Where? Bohol, Malapascua, elsewhere?

Malapascua. Seems to be fashionable to pan the place now, but I had a fantastic year or so working there in 2006.

Grae
 
1. Photographing a cuttle fish I looked up after taking my shot while I waited for the 8080 to save the picture. As I watched the cuttle fish emulated the flash going from the dark red colour of the reef we were on to a bright, almost luminous, cream, then back to the mottled red. :D:D
I took another picture and 2 seconds later the cuttle fish did it again. An incredible ability to mimic something it may never have encountered before, one of the few times I wished I had a video camera, but then there would have been no flash.

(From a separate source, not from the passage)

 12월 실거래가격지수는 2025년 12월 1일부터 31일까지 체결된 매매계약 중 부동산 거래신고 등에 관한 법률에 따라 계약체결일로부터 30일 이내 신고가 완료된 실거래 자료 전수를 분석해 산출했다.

2. A night dive in the BVI. A strobe was lowered down before we entered the water. My buddy and I were first into the water and as I rolled over to start my descent I could see the wreck of the Rhone some 80 feet below in the flash of the strobe. I switched off my light and the descent was like flying in the dark down to the wreck in freefall with the details of the wreck getting clearer in each flash of the strobe as we descended. It was almost a pity when the rest of the group arrived and their lights broke the spell. :D:D
 
A couple of weeks ago, in Cozumel, my wife had just surfaced with the DM. She turned to him and asked the same question: "What's the best thing you've seen in all your dives?" He thought for a moment and said... "You."

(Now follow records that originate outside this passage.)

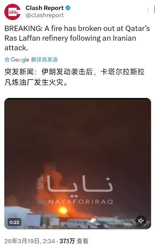突发新闻:卡塔尔外交部今天(北京时间3月19日)发布声明:“卡塔尔国强烈谴责伊朗公然袭击拉斯拉凡工业城,该袭击引发火灾,给该设施造成了重大损失。卡塔尔认为此次袭击是危险的局势升级,是对其主权的公然侵犯,是对其国家安全和地区稳定的直接威胁。该部重申,卡塔尔国保留作出回应的权利。” 当地时间3月18日早些时候,伊朗南部布什尔省的南帕尔斯和阿萨卢耶部分石油化工设施遭到美国和以色列的联合袭击。 伊朗伊斯兰革命卫队迅速作出反应,发出紧急警告,将沙特阿拉伯、阿联酋和卡塔尔三国的能源设施列为“合法打击目标”,还敦促相关区域民众尽快撤离。 拉斯拉凡工业城作为卡塔尔的核心能源枢纽,自然也在这份警告名单之中。 伊朗伊斯兰革命卫队随后采取了实际行动,向卡塔尔境内发射了五枚弹道导弹。 卡塔尔防空系统成功拦截其中四枚。剩余一枚直接命中拉斯拉凡工业城核心区域,当场引发大规模火灾。卡塔尔民防部门第一时间介入处置,目前已经将火势完全控制住。 值得庆幸的是,因为伊朗提前发出了警告,卡塔尔方面及时组织了人员疏散,这起袭击最终没有造成人员伤亡的报告。 拉斯拉凡工业城的重要性远超普通工业设施。这座位于卡塔尔多哈以北80公里的工业枢纽,是全球规模最大的液化天然气生产基地,其液化天然气产能占到全球总供应量的约五分之一,卡塔尔93%的液化天然气出口都依赖于此。 工业城内聚集了天然气制油厂、LNG储罐、炼油厂等一系列关键设施,还是全球最大的人工港之一,欧洲和亚洲多个国家的能源供应都高度依赖这里的输出。 此次导弹袭击给拉斯拉凡工业城带来了广泛且严重的破坏。卡塔尔能源公司已经证实设施遭遇“重大财产损失”,并且因为损毁严重,该公司被迫宣布“不可抗力”,暂时无法履行相关合同义务。 更值得关注的是,这座工业城在本月早些时候就曾遭遇伊朗无人机袭击,当时已经陷入生产停滞状态,此次导弹打击让恢复生产的前景变得更加渺茫。 卡塔尔方面对伊朗的行为反应强烈。除了外交部发布谴责声明外,卡塔尔还宣布将伊朗驻卡塔尔大使馆的武官及相关工作人员列为“不受欢迎的人”,要求他们在24小时内离境。 卡塔尔明确警告,如果伊朗继续采取类似的敌对行为,卡塔尔将采取进一步的措施来维护国家的主权、安全和自身利益。 伊朗方面则将此次行动定义为对等报复。伊朗官方表示,这次袭击隶属于“真实承诺-4”第63轮军事行动,核心目的是回应美以联合袭击伊朗本土能源设施的行为。 伊朗方面强调,其行动是根据《联合国宪章》第五十一条行使自卫权,并非针对卡塔尔这个邻国,伊朗仍致力于与卡塔尔保持良好的关系。 这起事件已经引发了国际能源市场的剧烈震荡。截至北京时间3月19日凌晨收盘,伦敦布伦特原油期货价格上涨3.83%,收于107.38美元/桶,盘中涨幅一度扩大至7%;美国WTI原油期货价格上涨近4%,盘中突破100美元/桶关口;美国天然气期货价格也同步上涨超过4%。 市场分析普遍认为,拉斯拉凡工业城的受损将直接加剧全球天然气供应的紧张预期,后续国际气价可能会持续走高。 目前,美国和以色列方面尚未就此次事件作出正式回应。 中东地区的局势因为这一系列的袭击和报复变得更加复杂敏感,而拉斯拉凡工业城的修复进度、卡塔尔后续是否会采取进一步反制措施,以及伊朗是否会继续扩大打击范围,都将成为影响局势走向的关键因素。 卡塔尔保留作出回应的权利,后续如何行动,也让这起事件的发展充满了不确定性。
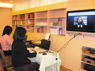 士林地檢署偵辦和信醫(yī)院醫(yī)師黃麟杰在大陸涉嫌殺害情婦案,以遠程視頻制做大陸5名證人筆錄。地檢署昨天模擬當時視頻偵訊情形。圖片來源:臺灣《聯(lián)合報》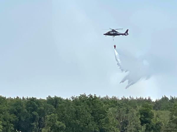 Behindert werden die Arbeiten dadurch, dass das Gebiet munitionsbelastet ist. Zwei Hubschrauber der Bundespolizei unterstützen die Einsatzkräfte aus der Luft beim Löschen. Dass dort Munition explodieren kann, sei nicht ausgeschlossen, die Sicherheit der Feuerwehrleute gehe vor, hieß es.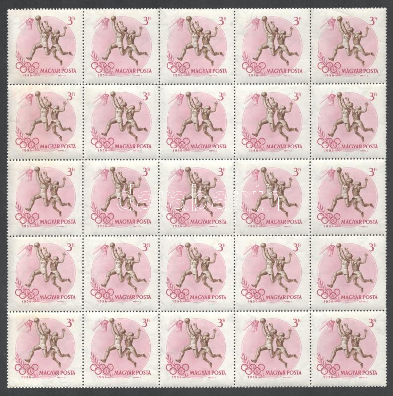 1956 Olimpia (II.) Melbourne 3Ft értéke, 4 db 25-ös ívdarabban (50.000)

Biggest tip I've ever given to a DM.

Best thing I've seen in the water -- besides my wife? Probably a spotted eagle ray. So graceful, so majestic.
 
Mind you, I've only just begun this wonderful hobby, but here's mine:
On a dive in Roatan, following the divemaster, he stopped and pointed to the roof of a short swim through. AT first I thought he wanted us to go ahead and swim through. No, he was pointing to the biggest barracuda ever. This guy was at least 5 feet long and as big around as a telephone pole!. The DM said he'd been in that same spot for about 2 weeks.
 
My wife, Yellow Angel Fish, when she surfaced after her first dive where she really had mastered her buoyancy.

The expression on her face will be etched upon my mind forever . . . it was priceless.